Variable Declarations

Basic Syntax

variable VariableName {value1, value2, ...}

Boolean Variables (Shorthand)

boolean BooleanVar  # Automatically gets domain {True, False}

Examples

# Explicit domain specification
variable Weather {Sunny, Rainy, Cloudy}
variable Grade {A, B, C, D, F}

# Boolean variables (implicit True/False domain)
variable Raining
variable StudyHard

CPT (Conditional Probability Table) Blocks

Root Variables (No Parents)

VariableName {
    P(value1) = probability1
    P(value2) = probability2
    # Remaining probabilities auto-completed to sum to 1.0
}

Variables with Parents

ChildVariable | Parent1, Parent2 {
    P(child_value | parent1_value, parent2_value) = probability
    # Specify probabilities for each parent combination
}

Complete Examples

Simple Rain-Sprinkler Network

# Weather affects both sprinkler and grass
variable Rain {True, False}
variable Sprinkler {True, False} 
variable GrassWet {True, False}

# Prior probability of rain
Rain {
    P(True) = 0.2
    # P(False) = 0.8 (auto-completed)
}

# Sprinkler depends on rain (less likely when raining)
Sprinkler | Rain {
    P(True | True) = 0.01   # Rarely use sprinkler when raining
    P(True | False) = 0.4   # More likely when not raining
}

# Grass wetness depends on both rain and sprinkler
GrassWet | Rain, Sprinkler {
    P(True | True, True) = 0.99    # Almost certain when both
    P(True | True, False) = 0.8    # Likely with just rain
    P(True | False, True) = 0.9    # Likely with just sprinkler
    P(True | False, False) = 0.1   # Unlikely with neither
}

Student Performance Network

# Multi-valued variables example
variable Difficulty {Easy, Medium, Hard}
variable Intelligence {Low, Medium, High}
variable Grade {A, B, C, D, F}
variable SAT {Low, Medium, High}

# Course difficulty prior
Difficulty {
    P(Easy) = 0.3
    P(Medium) = 0.5
    # P(Hard) = 0.2 (auto-completed)
}

# Student intelligence prior  
Intelligence {
    P(Low) = 0.2
    P(Medium) = 0.6
    P(High) = 0.2
}

# Grade depends on both difficulty and intelligence
Grade | Difficulty, Intelligence {
    # Easy course, Low intelligence
    P(A | Easy, Low) = 0.1
    P(B | Easy, Low) = 0.2
    P(C | Easy, Low) = 0.4
    P(D | Easy, Low) = 0.2
    P(F | Easy, Low) = 0.1

    # Easy course, Medium intelligence  
    P(A | Easy, Medium) = 0.3
    P(B | Easy, Medium) = 0.4
    P(C | Easy, Medium) = 0.2
    P(D | Easy, Medium) = 0.08
    P(F | Easy, Medium) = 0.02

    # ... (continue for all combinations)
}

# SAT correlates with intelligence
SAT | Intelligence {
    P(High | High) = 0.8
    P(Medium | High) = 0.15
    P(Low | High) = 0.05

    P(High | Medium) = 0.3
    P(Medium | Medium) = 0.5
    P(Low | Medium) = 0.2

    P(High | Low) = 0.05
    P(Medium | Low) = 0.25
    P(Low | Low) = 0.7
}

Format Rules and Tips

Comments

  • Use # for line comments
  • Comments can appear on separate lines or at the end of statements
  • Useful for documenting network structure and assumptions

Probability Specifications

  • Auto-completion: You don't need to specify all probabilities.
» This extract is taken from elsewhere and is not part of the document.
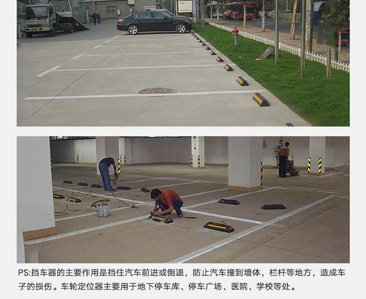 車輪定位器又稱車輪擋輪器、倒車墊、阻位器、擋車器等,橡膠車輛定位器用于停車場和車庫,在車輛停車入位時,輪胎觸及定位器,使車輛準(zhǔn)確、整齊的停在車位上。車輪定位器安 裝在停車位后方以限定車輛準(zhǔn)確停放到最佳位置,橡膠不會損壞汽車輪胎,比起鐵制品更安 全耐用且永不生銹,醒目美觀,安 裝方便。坡體有一定柔軟度,可以使車輛減輕對輪胎的磨損,是目前限定車輛準(zhǔn)確停放位置的最佳設(shè)施。

The system will auto-complete missing values to ensure each conditional distribution sums to 1.0
  • Boolean shortcuts: For boolean variables, you can use T/F or True/False
  • Decimal precision: Use appropriate decimal precision (e.g., 0.33 vs 0.333333)

Common Patterns

# Root node with uniform distribution
UniformVariable {
    # All values get equal probability automatically
}

# Boolean variable with bias
BiasedCoin {
    P(True) = 0.7  # P(False) = 0.3 automatically
}

# Deterministic relationship  
Effect | Cause {
    P(True | True) = 1.0   # Always happens
    P(True | False) = 0.0  # Never happens otherwise
}

Usage Walkthrough

This section walks through a complete session using BayesCalc2, from loading a network to performing various analyses.

Starting BayesCalc2

Interactive Mode

# Start with a network file
bayescalc examples/rain_sprinkler_grass.net

# You'll see:
Bayesian Network Calculator (using prompt_toolkit)
Type 'help' for a list of commands, 'exit' to quit.
>> 

Batch Mode

# Execute a single command
bayescalc network.net --cmd "P(Rain|GrassWet=True);showGraph()"

# Run multiple commands from file
bayescalc network.net --batch commands.txt

Example Session: Weather Analysis

Let's work through analyzing the rain-sprinkler-grass network:

>> # First, let's explore the network structure
>> ls
Variable    | Type       | States
-----------|------------|------------------
Rain        | Discrete   | True, False
Sprinkler   | Discrete   | True, False  
GrassWet    | Discrete   | True, False

>> # View the network structure
>> showGraph()
Rain
├── Sprinkler
└── GrassWet
Sprinkler
└── GrassWet

>> # Check what affects grass wetness
>> parents(GrassWet)
Parents of GrassWet: {Rain, Sprinkler}

>> # Look at the conditional probability table
>> printCPT(GrassWet)
Child    | Parents           | Probability
---------|-------------------|-------------
GrassWet | Rain=True, Sprinkler=True  | 0.99
GrassWet | Rain=True, Sprinkler=False | 0.80
GrassWet | Rain=False, Sprinkler=True | 0.90
GrassWet | Rain=False, Sprinkler=False| 0.10

Basic Probability Queries

>> # What's the probability of rain?
>> P(Rain=True)
0.2

>> # What if we observe wet grass?
>> P(Rain=True | GrassWet=True)
0.358

>> # Joint probability
>> P(Rain=True, Sprinkler=False)
0.198

>> # Multiple conditions
>> P(Rain=True | GrassWet=True, Sprinkler=False)
0.571

Arithmetic with Probabilities

>> # Bayes' rule calculation
>> P(Rain=True | GrassWet=True) * P(GrassWet=True) / P(Rain=True)
0.894

>> # Probability of at least one cause
>> P(Rain=True) + P(Sprinkler=True) - P(Rain=True, Sprinkler=True)
0.398

>> # Conditional independence check numerically
>> P(Rain=True | Sprinkler=True) - P(Rain=True)
0.0

Independence Analysis

>> # Are rain and sprinkler independent?
>> isindependent(Rain, Sprinkler)
True

>> # Are rain and grass conditionally independent given sprinkler?
>> iscondindependent(Rain, GrassWet | Sprinkler)
False

>> # Verify with probabilities
>> P(Rain=True | GrassWet=True, Sprinkler=True)
0.111
>> P(Rain=True | Sprinkler=True) 
0.2

Information Theory Analysis

>> # How much uncertainty is in each variable?
>> entropy(Rain)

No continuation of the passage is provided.